Work request:
Using the data below, reproduce exactly the lines from the line with "セットアップ 「オケージョン対応」2WAY パール付け襟タックフレアトップス+シークレットゴムパンツセットアップ" to the line with "A close-up view", both included; pictures must be dropped.

Data:
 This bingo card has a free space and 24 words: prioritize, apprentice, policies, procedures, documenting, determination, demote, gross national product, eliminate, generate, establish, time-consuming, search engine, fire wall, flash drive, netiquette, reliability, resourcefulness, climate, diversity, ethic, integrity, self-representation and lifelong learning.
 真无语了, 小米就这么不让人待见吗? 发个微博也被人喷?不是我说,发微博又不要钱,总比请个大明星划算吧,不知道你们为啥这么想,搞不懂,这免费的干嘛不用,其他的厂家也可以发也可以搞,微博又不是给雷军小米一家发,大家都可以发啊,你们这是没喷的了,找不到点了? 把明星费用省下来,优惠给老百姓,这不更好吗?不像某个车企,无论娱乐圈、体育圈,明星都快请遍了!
---
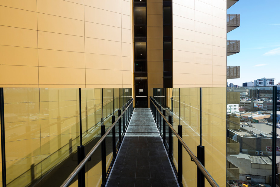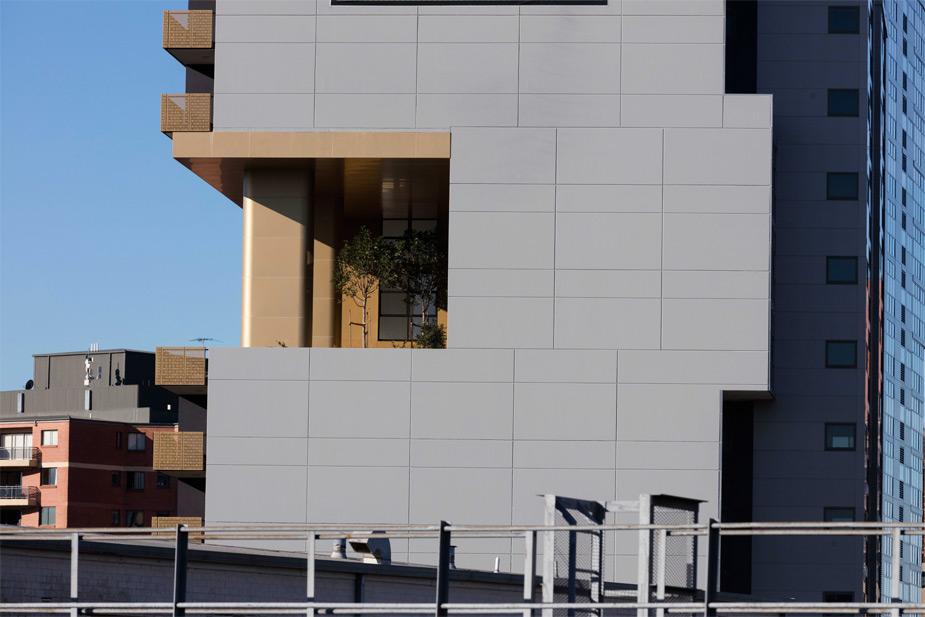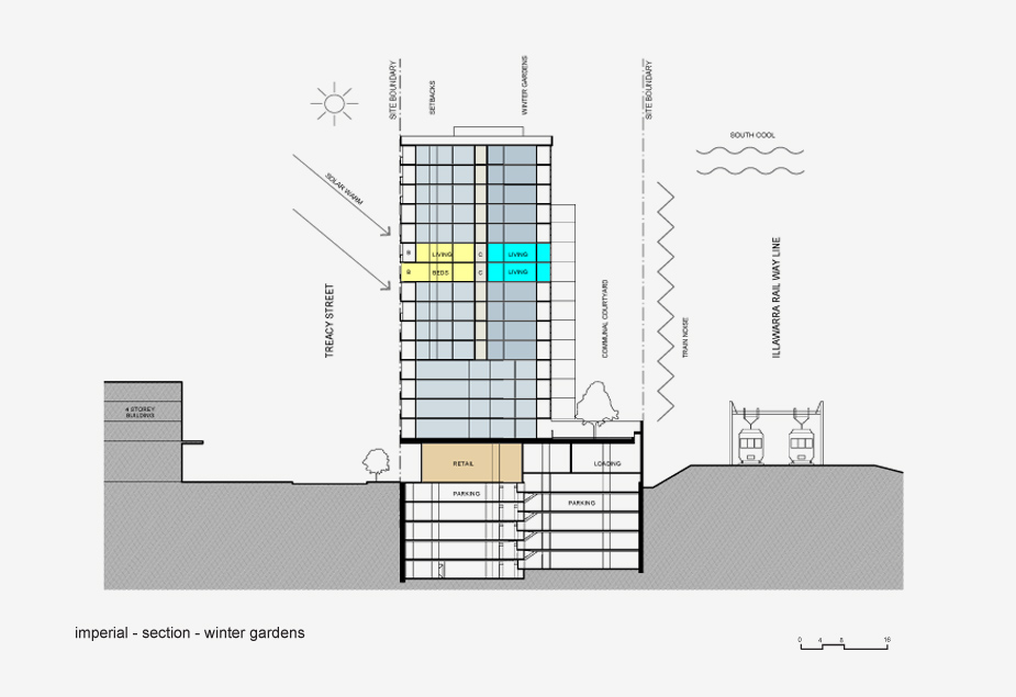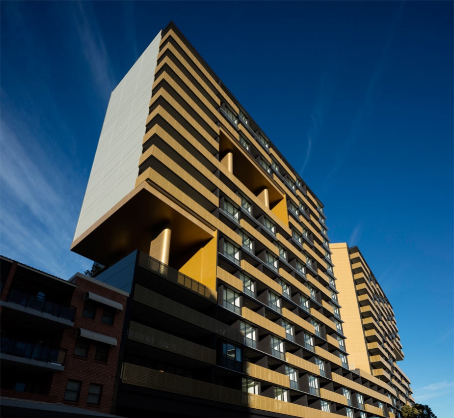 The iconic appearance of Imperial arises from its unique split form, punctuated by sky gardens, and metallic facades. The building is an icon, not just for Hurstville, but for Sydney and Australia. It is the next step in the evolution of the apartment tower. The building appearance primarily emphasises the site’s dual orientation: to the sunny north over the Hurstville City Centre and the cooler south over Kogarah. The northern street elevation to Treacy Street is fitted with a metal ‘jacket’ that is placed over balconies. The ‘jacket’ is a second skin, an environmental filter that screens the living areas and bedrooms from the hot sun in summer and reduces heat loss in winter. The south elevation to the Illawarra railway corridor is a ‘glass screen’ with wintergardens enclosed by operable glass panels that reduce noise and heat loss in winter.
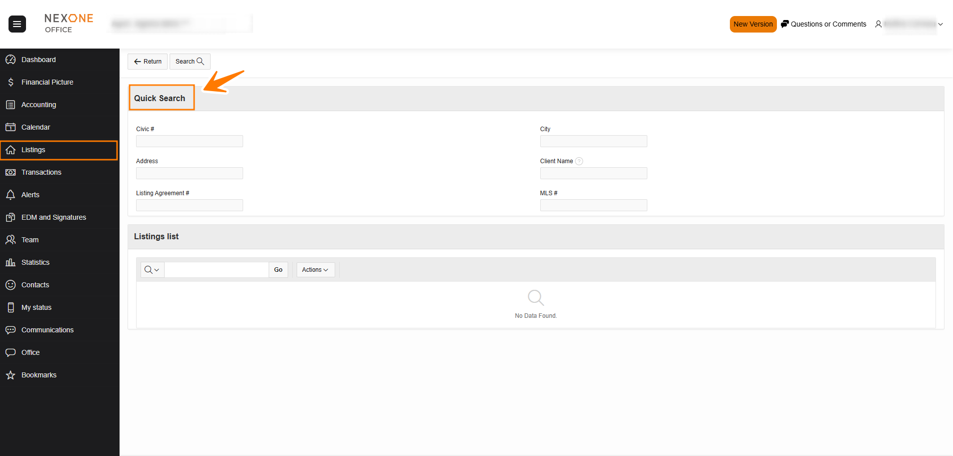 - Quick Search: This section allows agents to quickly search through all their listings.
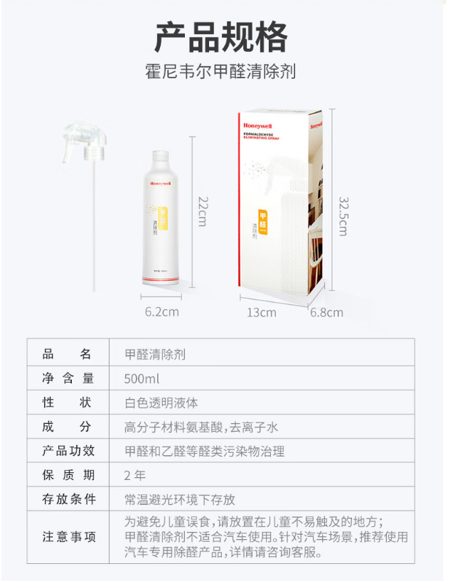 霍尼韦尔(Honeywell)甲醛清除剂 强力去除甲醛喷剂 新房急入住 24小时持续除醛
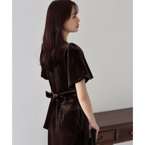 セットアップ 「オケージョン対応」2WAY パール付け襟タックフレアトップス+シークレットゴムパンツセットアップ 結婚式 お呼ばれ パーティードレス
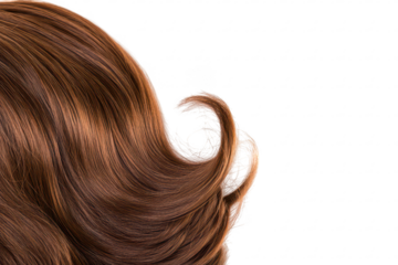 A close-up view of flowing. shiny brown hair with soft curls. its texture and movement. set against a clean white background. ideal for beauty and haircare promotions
...
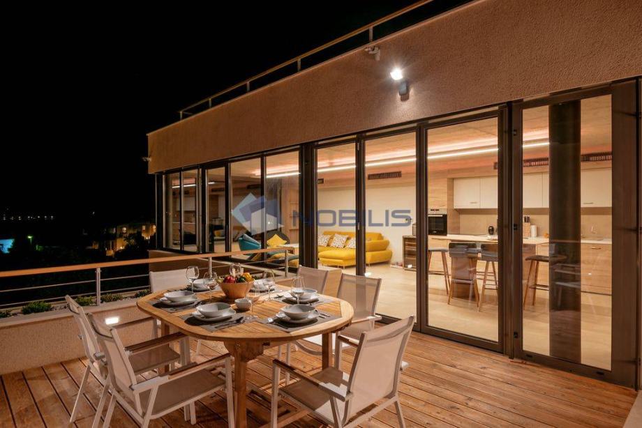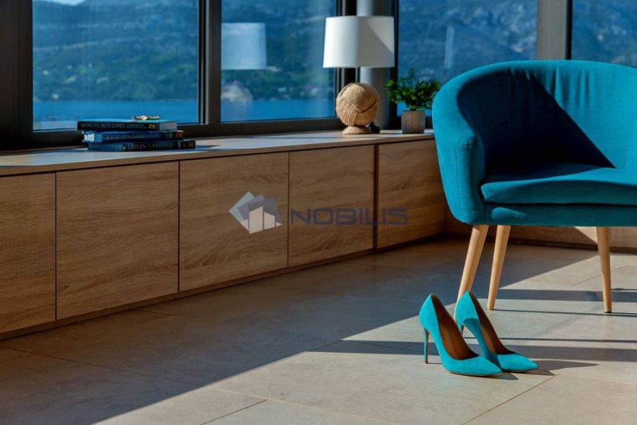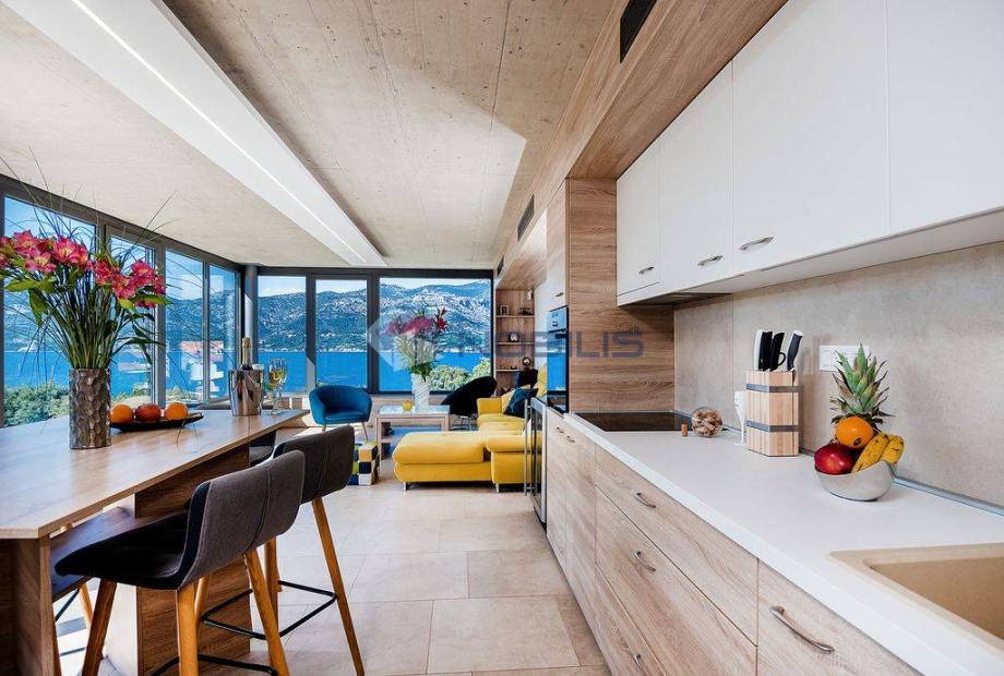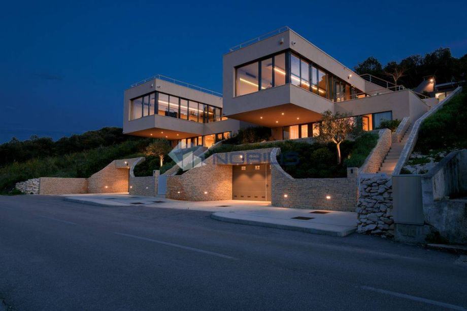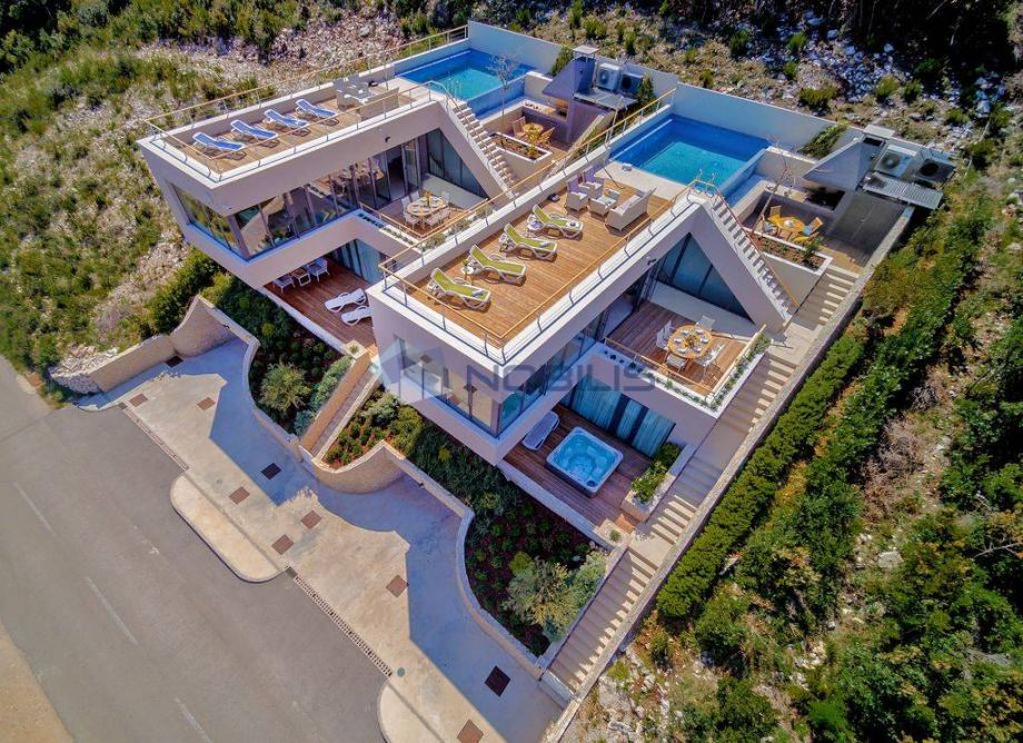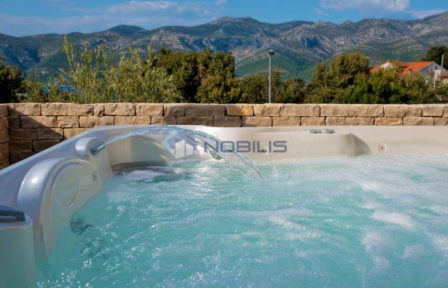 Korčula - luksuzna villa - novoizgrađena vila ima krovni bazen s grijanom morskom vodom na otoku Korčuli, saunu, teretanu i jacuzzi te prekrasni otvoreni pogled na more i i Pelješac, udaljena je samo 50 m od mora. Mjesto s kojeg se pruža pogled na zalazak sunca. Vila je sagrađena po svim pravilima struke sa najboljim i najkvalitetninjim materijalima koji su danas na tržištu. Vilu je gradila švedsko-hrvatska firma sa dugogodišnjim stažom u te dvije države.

Written response:
 セットアップ 「オケージョン対応」2WAY パール付け襟タックフレアトップス+シークレットゴムパンツセットアップ 結婚式 お呼ばれ パーティードレス
 A close-up view of flowing. shiny brown hair with soft curls. its texture and movement. set against a clean white background. ideal for beauty and haircare promotions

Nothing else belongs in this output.